GIVEN INFORMATION

• • • • • • •

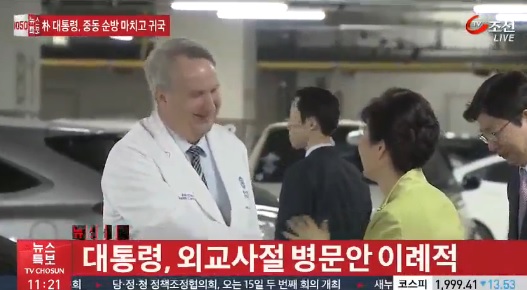 | ▲ 9일 박 대통령은 오전 중동 4개국 순방을 마치고 성남공항을 통해 귀국한 직후 흉기 습격을 당해 서울 신촌세브란스 병원에 입원중인 마크 리퍼트 주한 미국대사를 찾았다/사진=TV조선 캡쳐 | ||
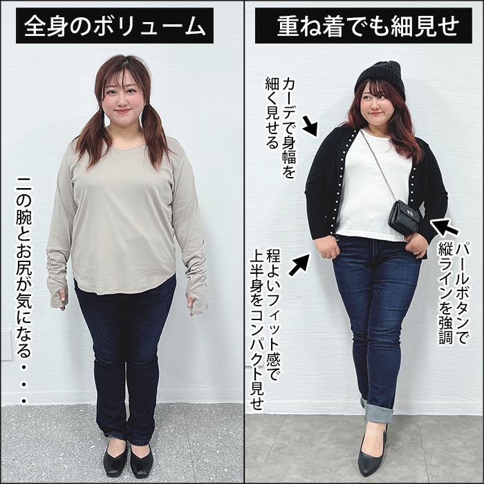 カーデで身幅を細く見せる
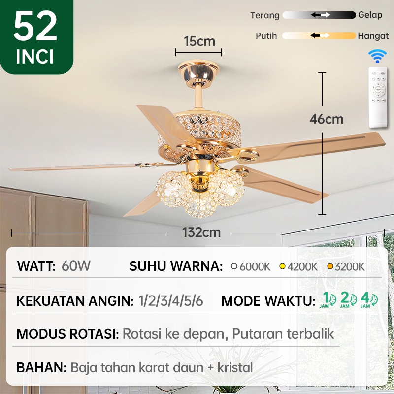 GOGEOUS Lampu Kipas Angin Plafon Kristal 3 Warna 52Inci 6Kecepatan Kipas Lampu Gantung Plafon Remote

• • • • • • •

YOUR TASK
With the pictures removed, write the listing out word for word.

TASK SOLUTION
 | ▲ 9일 박 대통령은 오전 중동 4개국 순방을 마치고 성남공항을 통해 귀국한 직후 흉기 습격을 당해 서울 신촌세브란스 병원에 입원중인 마크 리퍼트 주한 미국대사를 찾았다/사진=TV조선 캡쳐 | ||
 カーデで身幅を細く見せる
 GOGEOUS Lampu Kipas Angin Plafon Kristal 3 Warna 52Inci 6Kecepatan Kipas Lampu Gantung Plafon Remote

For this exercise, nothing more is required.